Anda di halaman 1dari 7

BAB I

PENDAHULUAN

A. Latar Belakang Masalah

Paradigma merupakan konsepsi, model atau pola pemikiran yang sifatnya umum dan mendasar.
Paradigma bukan teori, tetapi merupakan pemikiran yang teoritis yang menuju kepada pengembangan
teori tentang sesuatu, dan pemikiran teoritis ini menjadi dasar fundamental bagi paraktek.

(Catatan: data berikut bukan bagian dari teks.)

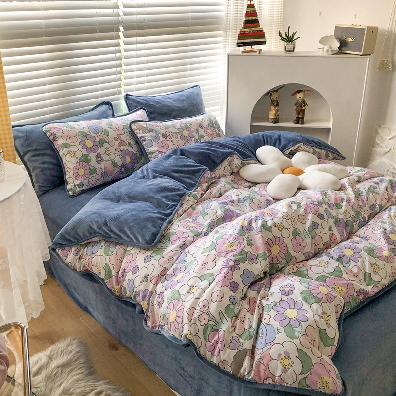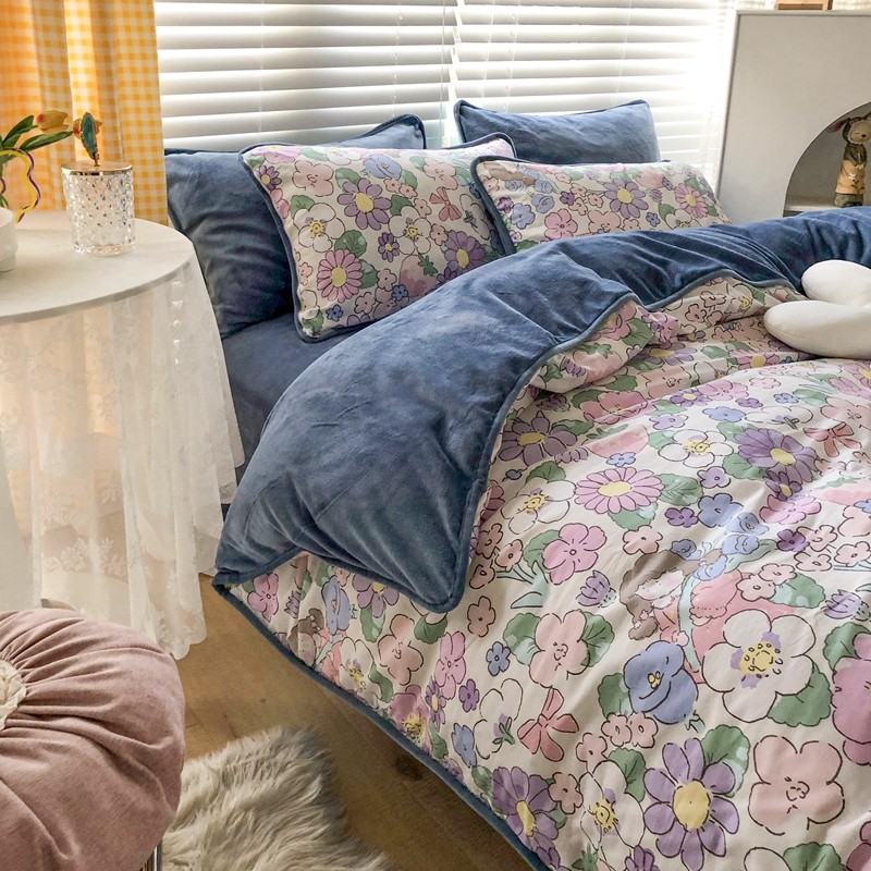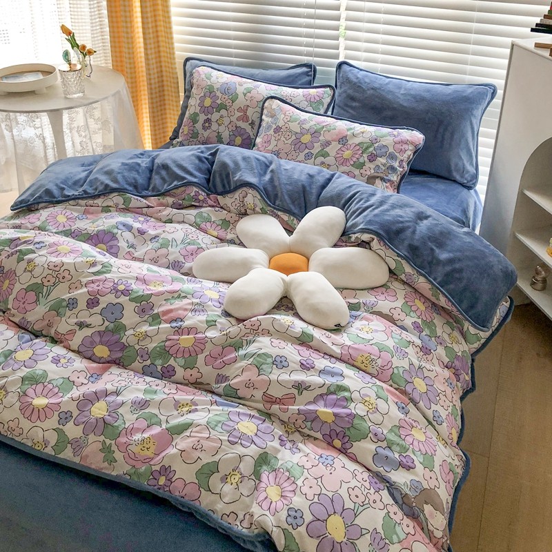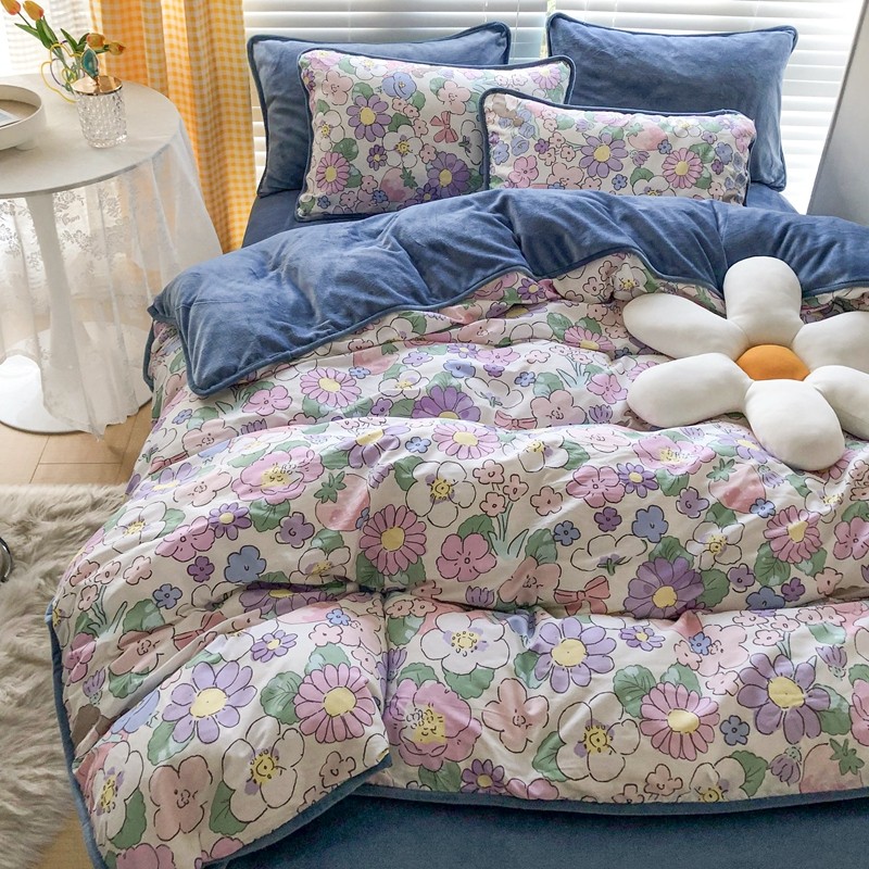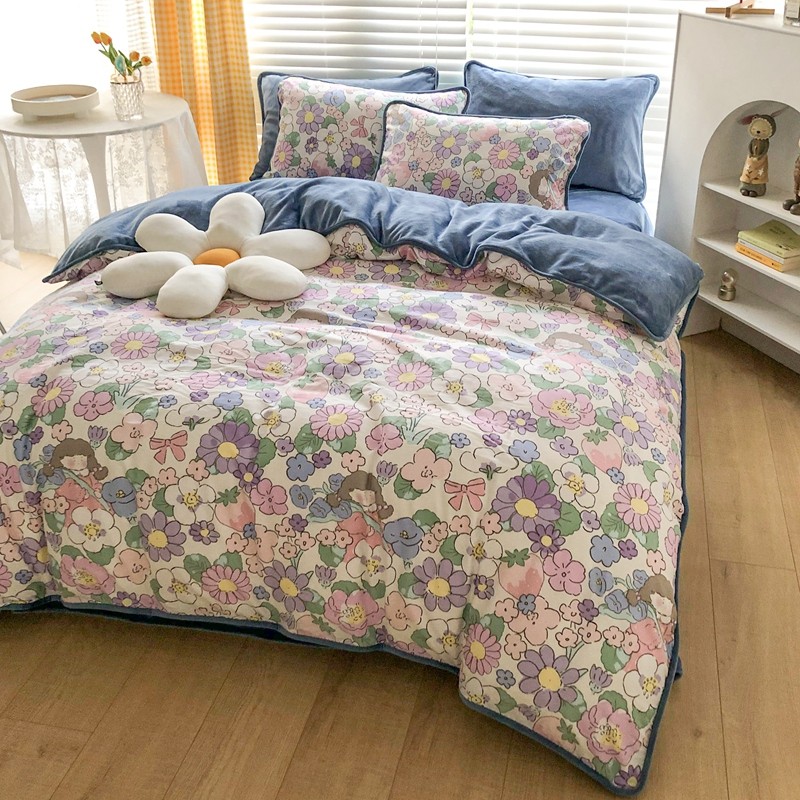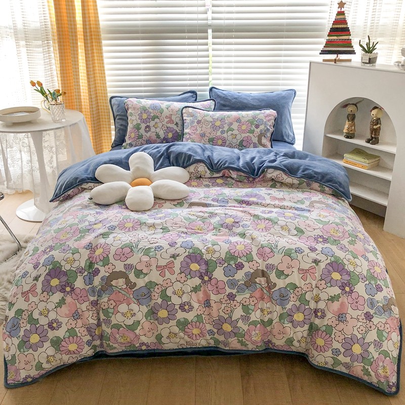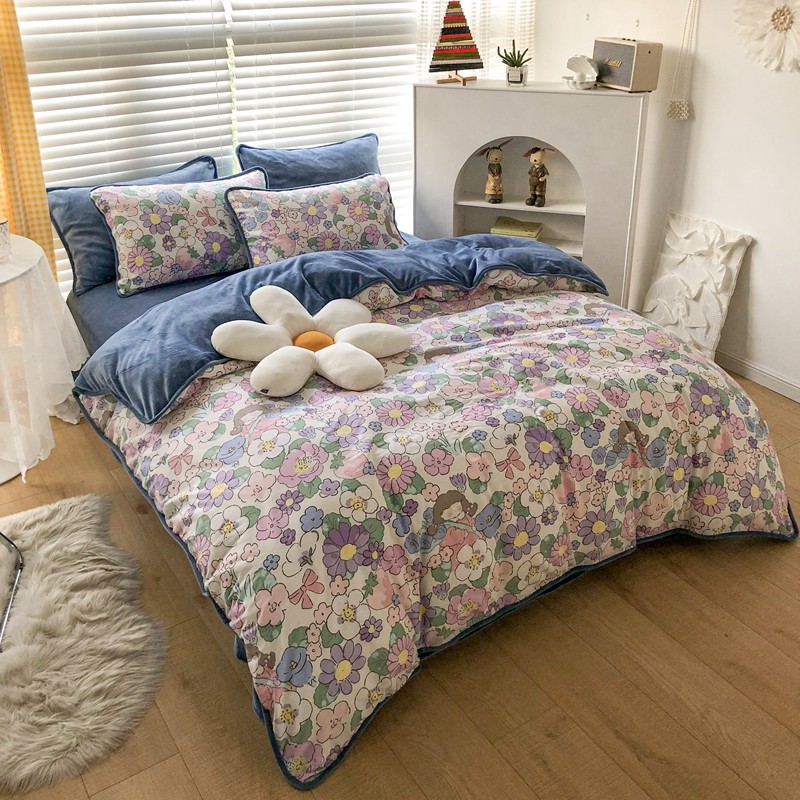 商品名称:珺柔 新款A版全棉13372印花B版牛奶绒四件套 醉蝶花
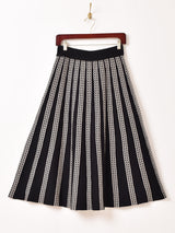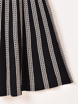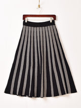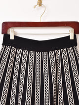 ストライプ柄のモノグラム風パターンが目を惹く、ニット生地のフレアスカート。厚みがあり肌触りの良い生地感です。
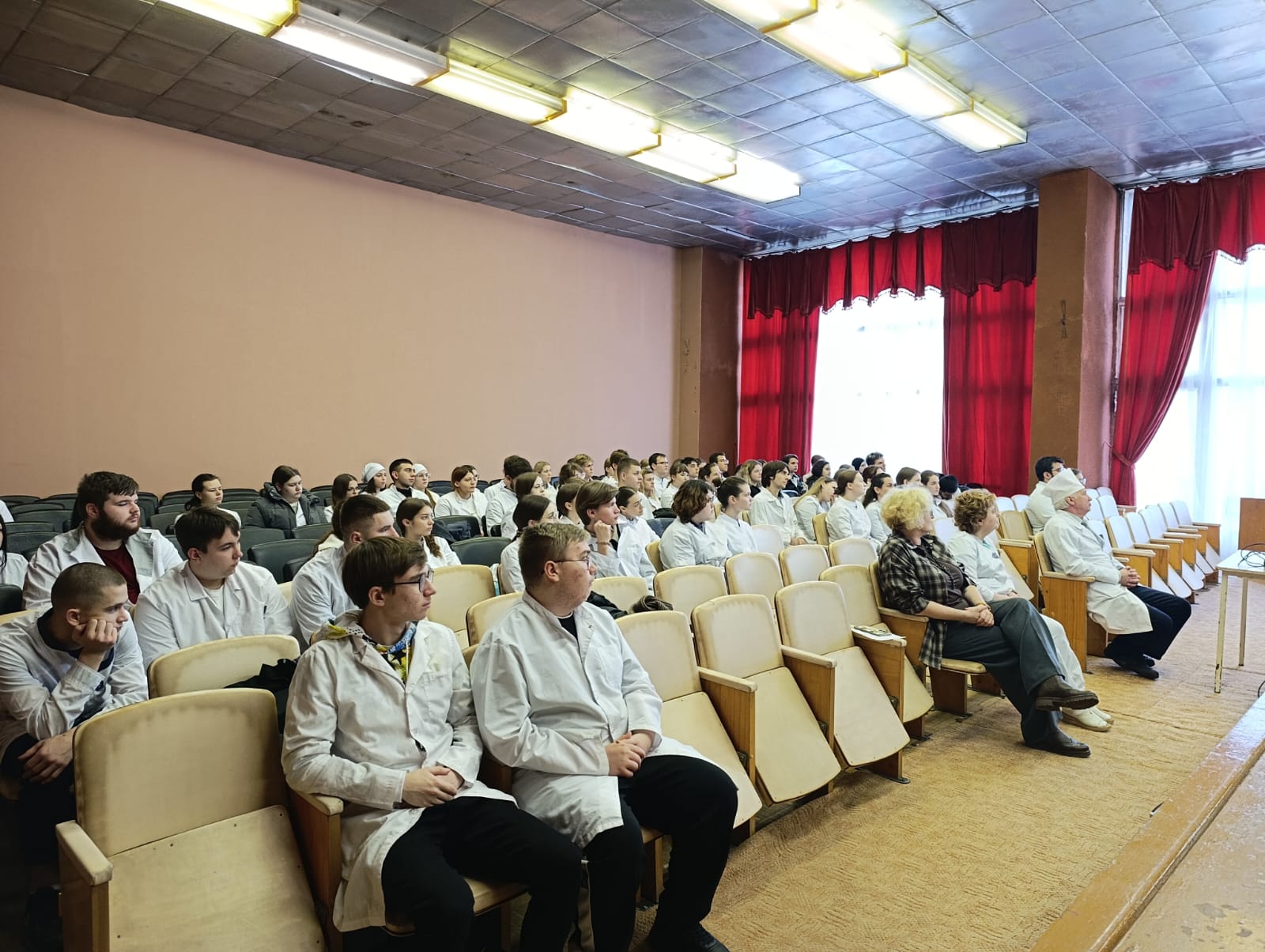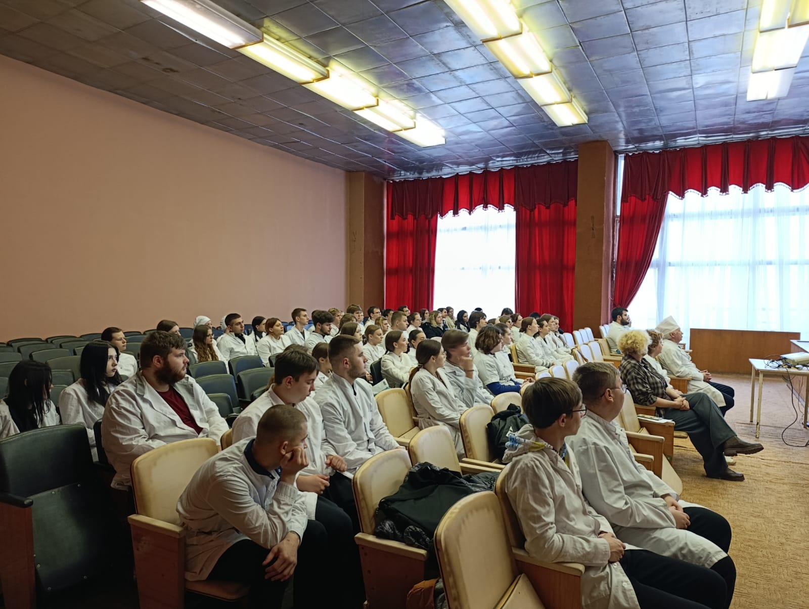 18 ноября 2025 года на базе ОБУЗ "Курская областная многопрофильная клиническая больница" состоялся мастер-класс по оказанию помощи на догоспитальном этапе в условиях ЧС. Обучающиеся лечебного факультета, а также отделения "Лечебное дело" медико-фармацевтического колледжа вместе с преподавателями кафедр сестринского дела и общественного здоровья, организации и экономики здравоохранения ИНО провели очень интересную беседу с медицинским братом Курского территориального центра медицины катастроф Пантеевым Николаем Александровичем.

Paradigma pendidikan merupakan pemikiran teoritis yang sifatnya mendasar yang dipakai sebagai latar
belakang bagi disusunnya suatu framework untuk pelaksanaan pendidikan. Biasanya paradigma itu
dinyatakan dalam bentuk skema, yang memperlihatkan hubungan – hubungan antara unsur – unsur yang
terlibat didalamnya. Paradigma bukanlah sistem, tetapi dalam suatu sistem terdapat sejumlah
paradigma, yang merupakan konsep dasar dalam pelaksanaan sistem itu. Namun sebuah paradigma
dapat berkembang menjadi sebuah sistem.

Sebuah paradigma dapat berubah tergantung sejauhmana kebenaran paradigma itu masih dapat
diterima. Proses pengembangan sains menurut Thomas Kuhn mengikuti paradigma yang dimulai dengan
tahap “pra sains”, diikuti tahap “sains normal” lalu periode “sains luar biasa”, lalu tahap “sains normal”
kembali dst.[1] Dimana proses itu merupakan lingkaran kegiatan dan demikian terjadi struktur revolusi
ilmu pengetahuan menurut Kuhn. Karena itu sebuah paradigma dapat berubah menjadi paradigma baru
apabila paradigma lama itu mendapatkan dikritik terhadap kelemahannya.

Seperti telah dimaklumi bahwa salah satu perubahan penting dalam sistem pemerintahan di Indonesia di
era reformasi adalah perubahan paradigma pemerintahan dari sentralisasi yang ketat menjadi
sentralisasi terbatas yang dikenal dengan otonomi pemerintah daerah, yang bermakna bahwa
pemerintah daerah memiliki otonomi daerah yang luas untuk membangun daerahnya dalam berbagai
bidang kehidupan, termasuk bidang pendidikan, dimana sistem pendidikan nasional yang selama ini
dilaksanakan secara sentralistis, dengan paradigma pemerintahan otonomi daerah masing – masing.

Dalam konteks kehidupan bangsa dan bernegara, Indonesia hanya memiliki sistem pendidikan yaitu
sistem pendidikan nasional, yang berfungsi untuk mengembangkan kemampuan dan membentuk watak
serta peradaban bangsa yang bermartabat dalam rangka mencerdaskan bangsa dan mewujudkan tujuan
nasional.[2]
Dikarenakan paradigma pendidikan merupakan pemikiran yang mendasar tentang pendidikan, untuk itu
penulis tertarik membahas tema ini yang berjudul Paradigma Pendidikan .

B. Rumusan Masalah

1. Apa pengertian paradigma pendidikan dan perkembangan dalam pendidikan ?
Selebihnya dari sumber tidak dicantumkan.